From Parquet to Snowflake: Query Smart, Load Fast

Published: 1 week ago (January 6, 2026 at 01:05 PM EST)

2 min read

Source: Dev.to

Cover image for From Parquet to Snowflake: Query Smart, Load Fast

The Problem

When working with large volumes of financial data, querying efficiently and loading the results into a data warehouse like Snowflake is crucial. The task is to generate daily metrics (total transaction volume, active customers, average balances) from 3 TB of Parquet data stored in AWS S3. The data is partitioned by transaction_date, but older partitions have inconsistent column names. The results must be loaded into Snowflake for further analysis.

The Approach

Efficiently Query the Data

Read only the last 30 days of data by using partition pruning, which saves time and cost.

Handle Schema Evolution

Use SQL functions like COALESCE to handle missing or differently named columns, ensuring a consistent schema across partitions.

Aggregate Metrics

Aggregate data by region to calculate total transaction volume, count active customers, and compute the average account balance.

Load Data into Snowflake

After processing, use Snowflake’s COPY INTO method for efficient, large‑scale ingestion, moving the results from a CSV file into the warehouse.

Why This Works

Partition pruning limits the query to relevant data, making it fast and cost‑efficient.
Schema handling with COALESCE provides seamless integration across evolving data partitions.
Snowflake’s optimized loading mechanisms enable fast and reliable data transfer.

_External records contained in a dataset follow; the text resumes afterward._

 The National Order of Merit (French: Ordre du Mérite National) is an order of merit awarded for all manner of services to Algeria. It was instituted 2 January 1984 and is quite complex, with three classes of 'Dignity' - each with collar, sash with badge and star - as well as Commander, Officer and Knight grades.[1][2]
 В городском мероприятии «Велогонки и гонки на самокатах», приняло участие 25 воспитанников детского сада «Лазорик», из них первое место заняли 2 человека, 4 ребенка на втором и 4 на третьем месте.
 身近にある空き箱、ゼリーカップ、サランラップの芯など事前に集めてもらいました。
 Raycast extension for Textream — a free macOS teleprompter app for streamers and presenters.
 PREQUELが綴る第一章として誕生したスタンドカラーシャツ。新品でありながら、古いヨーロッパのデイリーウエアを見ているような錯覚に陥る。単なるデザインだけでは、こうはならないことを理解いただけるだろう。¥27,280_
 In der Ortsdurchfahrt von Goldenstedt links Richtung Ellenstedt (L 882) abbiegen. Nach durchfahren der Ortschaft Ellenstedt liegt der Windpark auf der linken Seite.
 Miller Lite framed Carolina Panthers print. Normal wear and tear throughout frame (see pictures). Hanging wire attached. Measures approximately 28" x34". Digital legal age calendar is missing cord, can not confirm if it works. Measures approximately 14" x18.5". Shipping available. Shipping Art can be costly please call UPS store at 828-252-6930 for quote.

This approach makes working with large, partitioned datasets in cloud storage manageable while ensuring efficient processing and loading into Snowflake.

The Solution in PySQL

Read the last 30 days of Parquet using partition pruning

import duckdb
import datetime

end = datetime.date.today()
start = end - datetime.timedelta(days=30)

con = duckdb.connect()
df = con.execute(f"""
    SELECT *
    FROM read_parquet('s3://bank-lake/transactions/transaction_date>= {start} AND transaction_date <= {end}/*.parquet')
""").fetchdf()

Aggregate metrics, handling schema differences

SELECT
    region,
    SUM(transaction_amount) AS total_tx,
    COUNT(DISTINCT customer_id) AS active_customers,
    AVG(COALESCE(account_balance, acct_balance)) AS avg_balance
FROM df
GROUP BY region

Load the results into Snowflake

import snowflake.connector

# Export the aggregated DataFrame to CSV
result.to_csv("daily.csv", index=False)

# Connect to Snowflake
conn = snowflake.connector.connect(
    user='YOUR_USER',
    password='YOUR_PASSWORD',
    account='YOUR_ACCOUNT'
)

# Upload and copy the CSV into Snowflake
conn.cursor().execute("""
    PUT file://daily.csv @%DAILY_REGION_METRICS;
    COPY INTO DAILY_REGION_METRICS
    FROM @%DAILY_REGION_METRICS
    FILE_FORMAT=(TYPE=CSV FIELD_OPTIONALLY_ENCLOSED_BY='"');
""")